A strong typhoon packing winds of more than 200 kph (124 mph) tore across the northern tip of the Philippines on Saturday, bringing heavy rain and causing widespread power and communications outages.
There were no immediate reports of casualties after super typhoon Mangkhut, a category 5 storm, entered the province of Cagayan in the early hours and sent winds and rains across the entire main island of Luzon.
Disaster authorities have yet to complete damage assessments from Mangkhut, the 15th and most powerful storm to hit the Philippines this year, which had maximum gusts of 305 kph (190 mph), and was expected to clear land after 10am on its way towards southern China and Vietnam.
“Almost all of the buildings here have been damaged, the roofs were blown away,” said Rogelio Sending, a government official in Tuguegarao, the capital of Cagayan. “There has been no electricity supply … communications were also down.
“We’ve received reports that many trees were uprooted and electric posts toppled and are blocking the roads.
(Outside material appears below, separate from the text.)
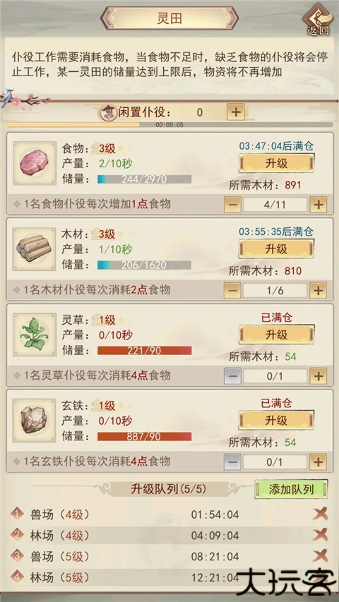 4、灵草木材食材可设为自动升级,强化日常资源获取。
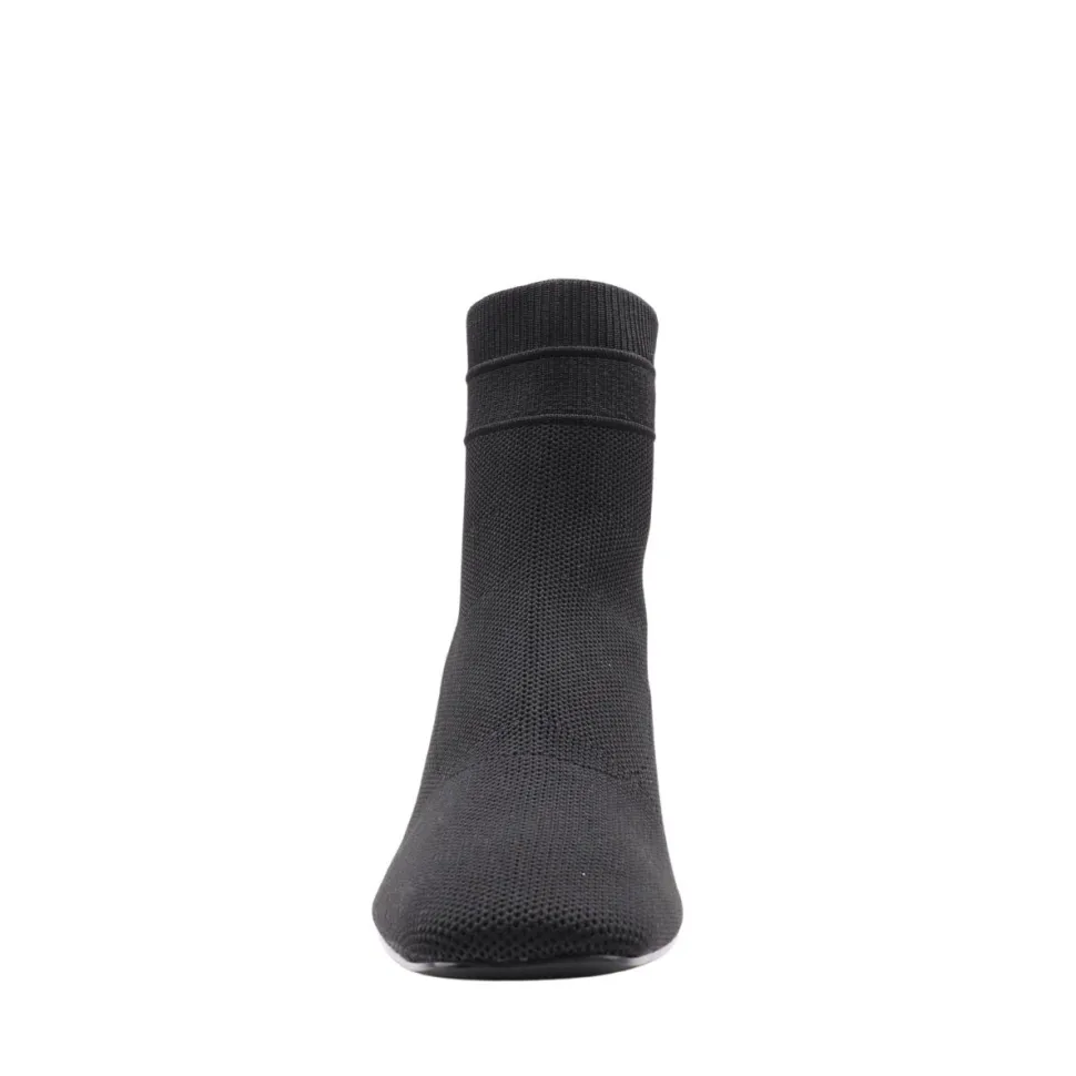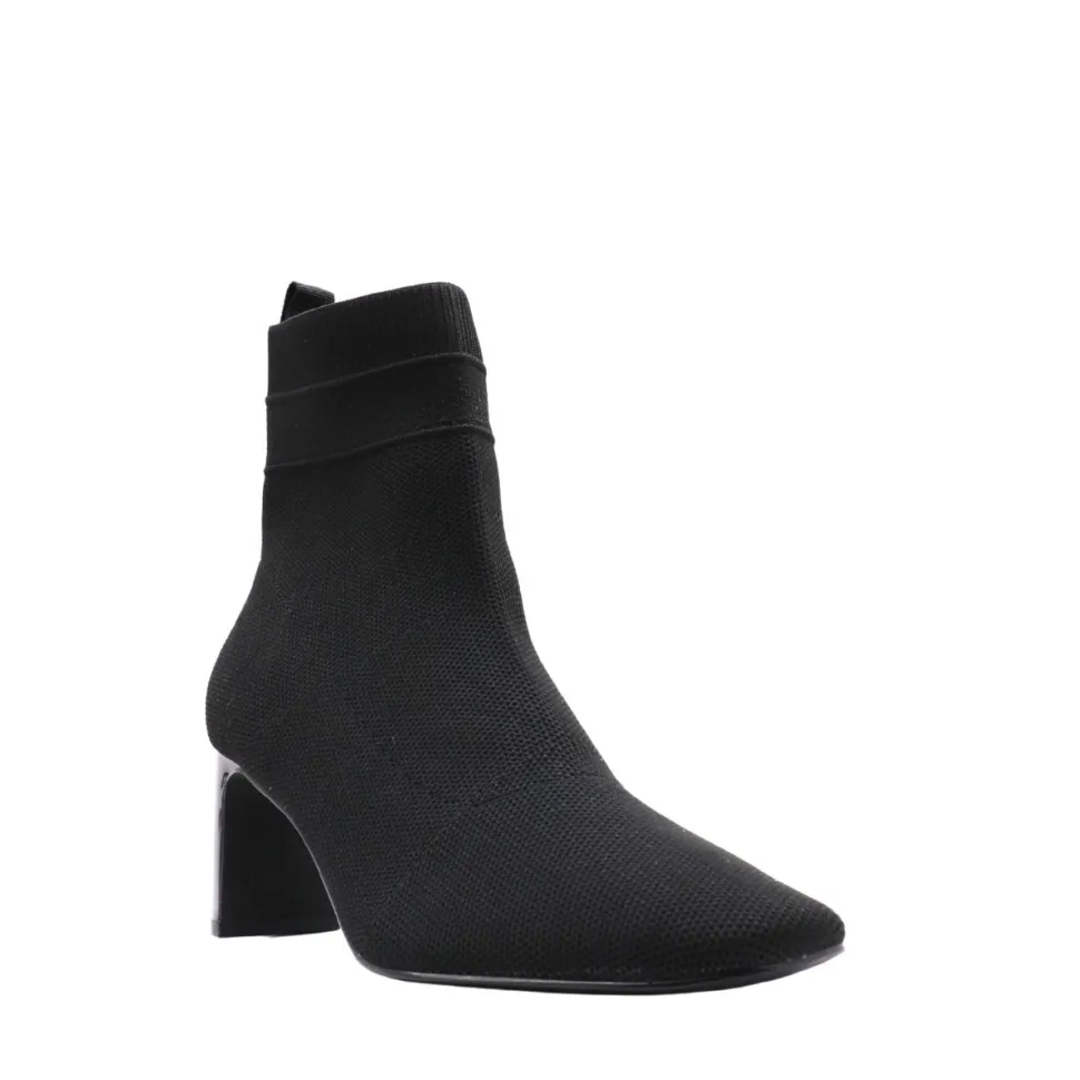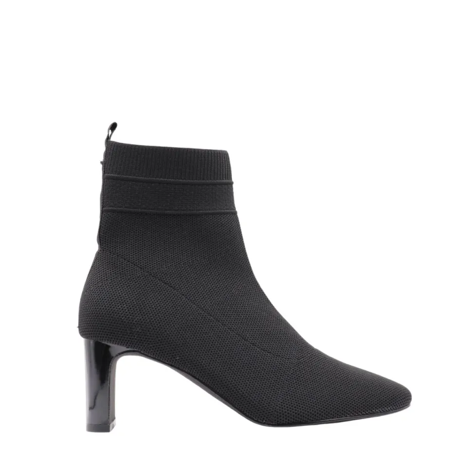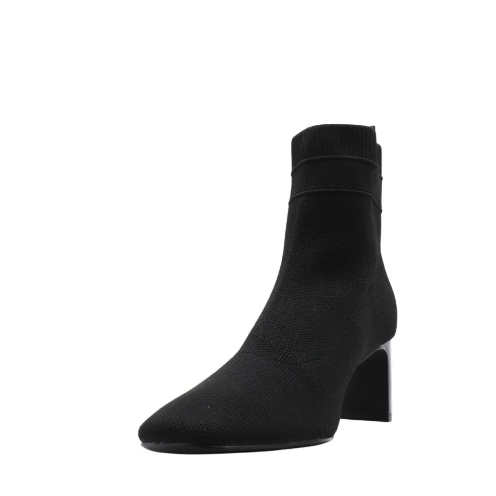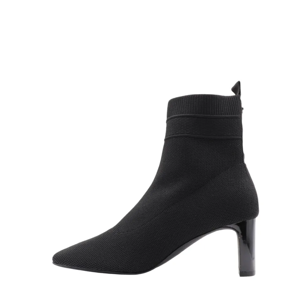 Add a sophisticated touch to your style with the Miranda bootie fromApropo. Crafted in black textured fabric, it seduces with its slim silhouette, pointed toe and minimalist design. Its generously high, shiny block heel combines assertive elegance with stability, while the discreet tongue at the back makes it easy to slip on. Versatile, they’re equally at home with everyday outfits and dressy looks, making this boot a seasonal staple.

This makes the clearing operations really difficult.”
Satellite photos show the size of Super Typhoon Mangkhut as it barrels through the northern Philippines Credit: Jonathan Mitchell/Alamy Live News
Tens of thousands of people have been evacuated from coastal areas following warnings of possible storm surges of 3 m (3.3 yards) to 6m. Floods, landslides and widespread property destruction are expected.
Television footage and videos posted on social media showed bursts of rain, trees thrashed by winds, shop signs torn down and metal sheets peeled off roofs.
Authorities said some people had opted to stay home and ride out the storm to protect their properties.
Guests sleep inside a hotel restaurant after the roof of their room was damaged by Typhoon Mangkut in Tuguegarao city Credit: Aaron Favila/AP
Mangkhut’s peak winds have been stronger than those of Hurricane Florence, which killed five people and halted power supply to more than 900,000 US homes and businesses in the Carolinas, before it was downgraded to a tropical storm.
Mangkhut has a diametre of about 559 miles and gathered pace as it reached the Philippines, but has since slowed, with wind speeds falling to 112 mph.
Mangkhut caused blackouts and left hundreds homeless when it struck US Pacific territories in Micronesia earlier.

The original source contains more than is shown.